So I ended my last post with the words "I'm excited to see where we end up on Monday". And now it's been a month since I actually taught that lesson, and I haven't blogged since then. Oops. Let's see how I go remembering what we did...

Quick recap (though I really suggest you read that last post): we were trying to determine the optimum position to kick a rugby ball from to maximise the angle towards the goal the kicker has to aim for. Students worked in groups to figure out a method to calculate the angle, and tried various distances to see what angle resulted.

Diagram I drew on the board at one point, showing some of the angles we were calculating.

The method that each group eventually used was to calculate the angles in the two right-angled triangles, then subtracted the small one from the big one to get our kicking angle.

Students had calculated angles for a few distances by hand, but this was going to be a slow process. So, I suggested they use their computers instead to do the boring manual work. I didn't specify what software they should use, though I did give them some hints.

The awesome thing about this was that it forced them to think about about the problem abstractly. To get the computer to do the work, they needed to specify how to get the solution generally.

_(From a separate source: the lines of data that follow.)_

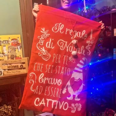 Sono riuscita nel pomeriggio, a fare tutti i pacchi regali 🎁. Come vi avevo accennato, quest'anno ne ho approfittato, facendo la maggior parte dei regali tramite internet. Lo so che sarebbe meglio evitare perché cosi morirebbe il mondo del commercio dei negozianti, ma con i tempi che abbiamo a disposizione e sempre di fretta, ho approfittato dei siti e ad oggi, 11 Dicembre, mi trovo già con i pensierini fatti e impacchettati 🥰. In realtà mi mancavano i Labubu per Melissa ( si, quest'anno ho fatto una mattata prendendogliene due), erano in consegna oggi, ma purtroppo, non sapendo bene l'orario preciso di quando possa arrivare il corriere e vedendo l'orario che per me era tardi 😂, pensavo che mi arrivassero domani...ma il corriere ha citofonato alle 15,40 !! La prima volta che mi consegnano a quest'ora... però, grazie a questo, ho concluso il mio lavoro. Quando sono arrivata qui in Svizzera, con Patrick ci siamo divertiti a trovare il nostro albero di Natale adatto per la nostra casa. Nello scegliere l'albero, l'occhio mi cadde su una sacca grandissima rossa porta regali. Mi innamorai subito e già sapevo come usarla... UN PORTA REGALI DI NATALE PER TUTTI da mettere sotto l'albero. L''adoro troppo, sembra che sia passato Babbo Natale qui da me quando la sacca è piena. Di solito apriamo i regali tutti insieme aspettando la mezzanotte del 24 dicembre, la vigilia di Natale, aprirlo e iniziare a dare i regali, fa il suo figurone. Quest'anno ho visto che ci sono altri modelli, con disegni e tessuti diversi ma io sono affezionata a questa sacca e finchè durerà, farà compagnia al nostro albero di Natale🎄.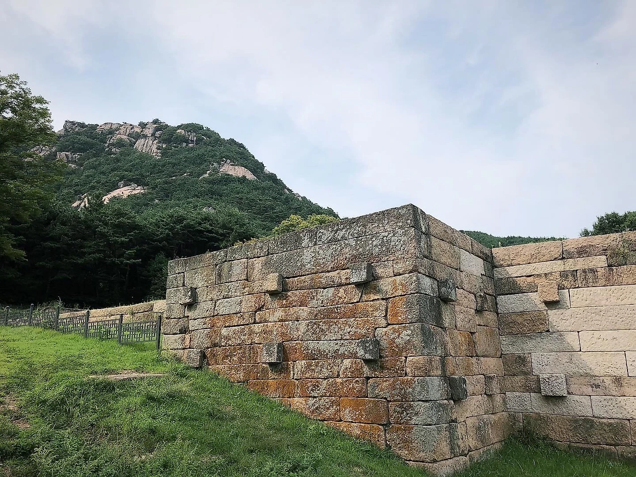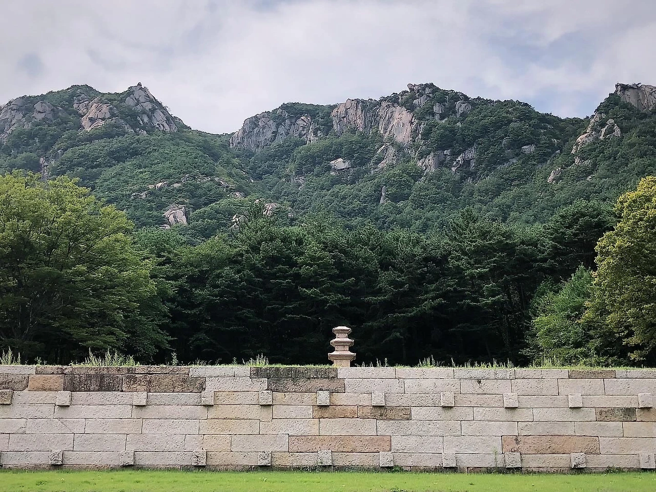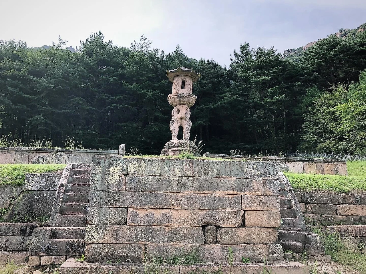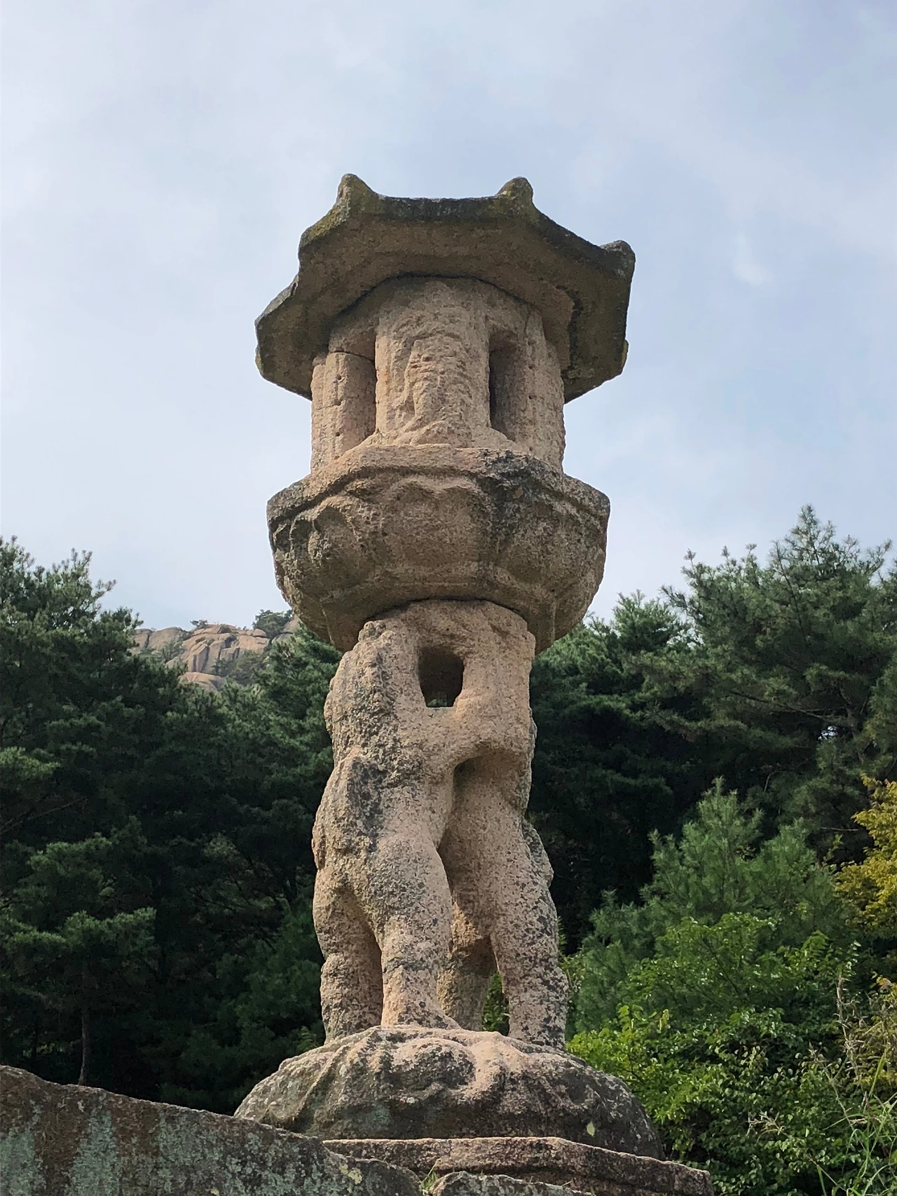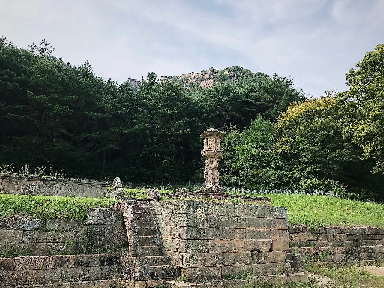 웅장한 화강암 절벽을 배경으로 통일신라 쌍사자 석등이 돋보이는,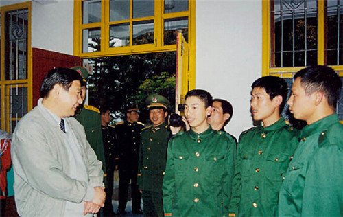 Photo taken on Feb. 9, 2000 shows Xi Jinping, then Deputy Party Secretary and Governor of Fujian, visiting newly enlisted soldiers of the Armed Police Force in Fujian. (Photo source: PLA Pictorial)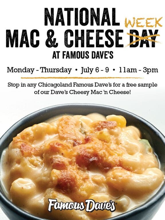 Mac ‘n Cheese Week July 6th – 9th National Macaroni Day has just been promoted to Macaroni week at Famous Dave’s. Guests can get a super sample size of their fan-favorite Dave’s Cheesy Mac ‘n Cheese during lunch 11am-3pm, July 6th – 9.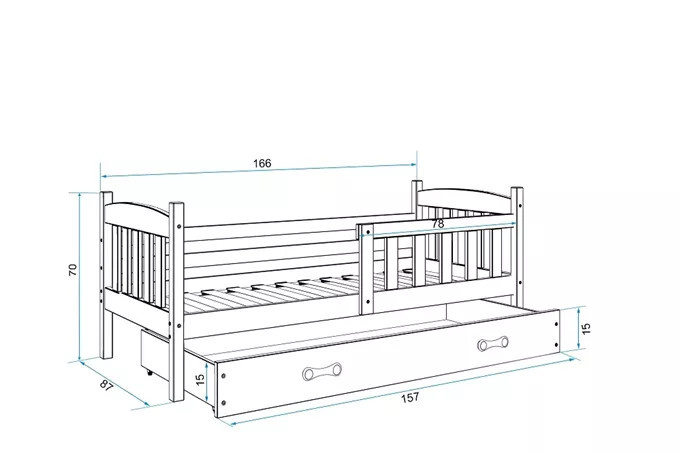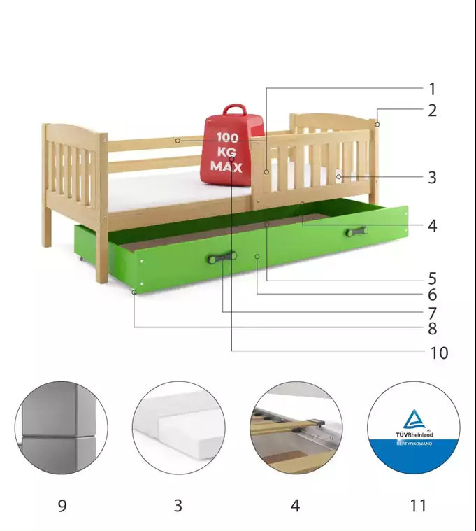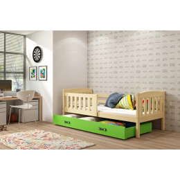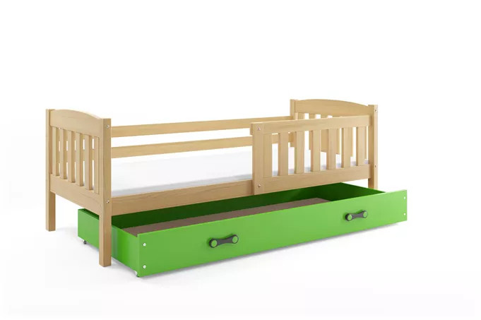 Detská posteľ KUBUS 80x160 cm so zásuvkou, s matracom, Prírodná/Zelená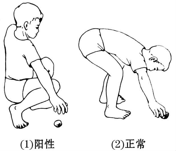 患者拾取地上物件时,仅屈膝、屈髋,而腰挺直不能弯曲者为阳性(检查脊柱有无弯曲运动障碍)(图2-2-1)。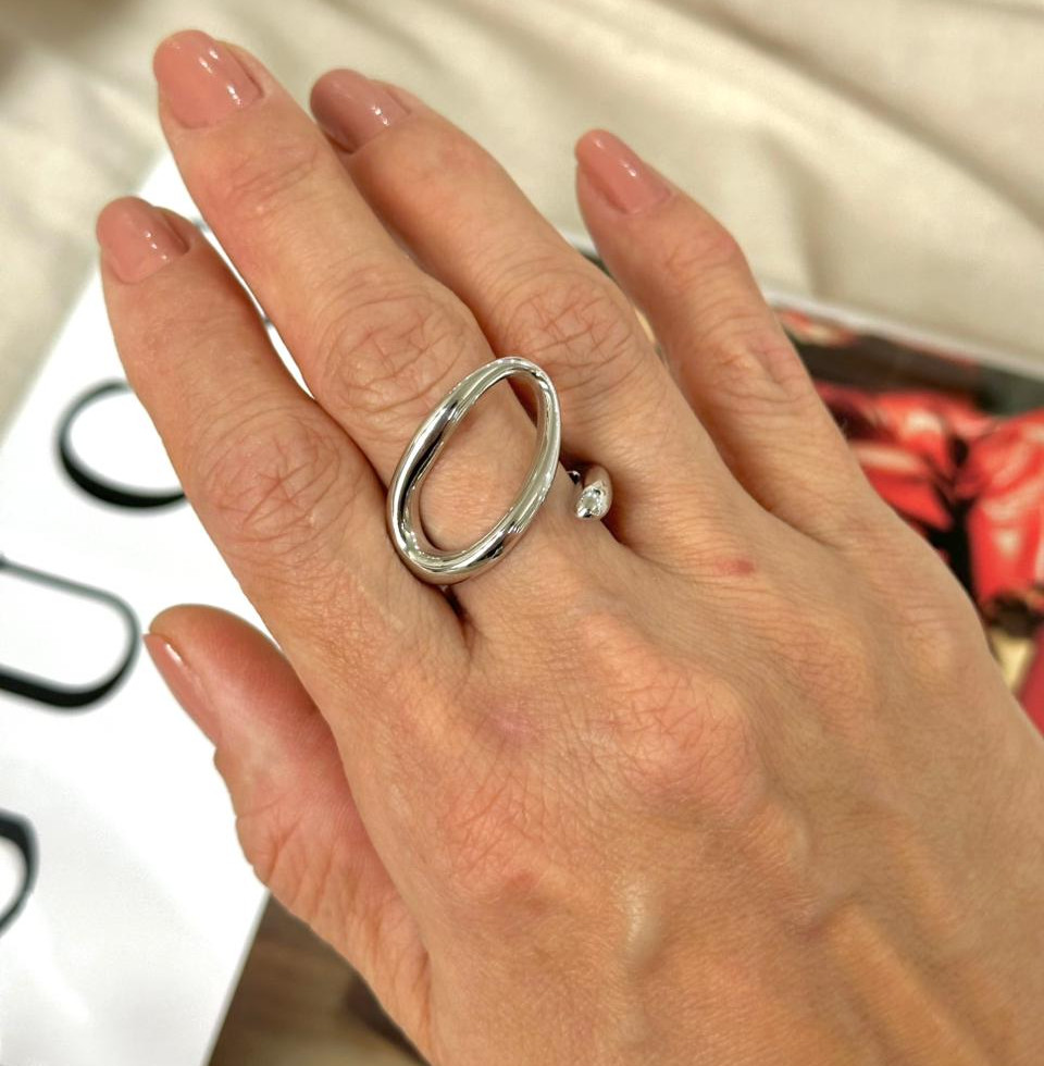 Minimalista e moderno, este anel em ródio traz um design orgânico e sofisticado que foge do óbvio. Seu formato irregular cria um efeito contemporâneo e cheio de personalidade.

So, here we are in a trigonometry unit, and students are inventing and using variables themselves to help solve their problem.

Some groups used Excel:

and others used Desmos:

One group was using Geogebra too, but I didn't get an image of that.

Each group basically used trial and error, but got the various software to do the calculations for them. I loved the way this showed students the power of thinking algebraically. By using variables, they could generalise the problem. Desmos makes this use of variables explicit. But even using Excel, where there are "Cell References" instead of "Variables", the same kind of abstract thinking is needed.

As this was a Year Nine class, we didn't go beyond using trial and error. But afterwards I did play around in Desmos for how you might approach it in a class involving calculus:

In this case, "b" is the distance from the goalpost to where the try was scored, and "x" is the distance from the try line where the ball is kicked.

My major take-away from this lesson: the use of technology should always support getting students to think deeper about problems. Get them to think abstractly. When the boring manual work is removed by the appropriate use of technology, students are freed to experiment, to change the way they approach problems without the cost of losing a large chunk of lesson time to busy work.

## What I've been doing lately

So, there are a few reasons why I haven't posted anything for a month. My non-classroom responsibilities have seen me busy with VCE exams, preparing students subject choices for next year, and a few days out of school at various trainings and meetings. Also, my life outside of school suddenly got very busy as well. Don't worry, everything's good, but time to blog seems to be less available than it once was. But I'm hoping that as the year starts to wind up, I'll be finding more free time to clear out my backlog of blog post ideas :)

### author

Shaun used to be maths, IT and ocassional physics teacher at a small P-12 school (primary and secondary) in rural Victoria, Australia. He is currently in the process of starting his career again in the United States.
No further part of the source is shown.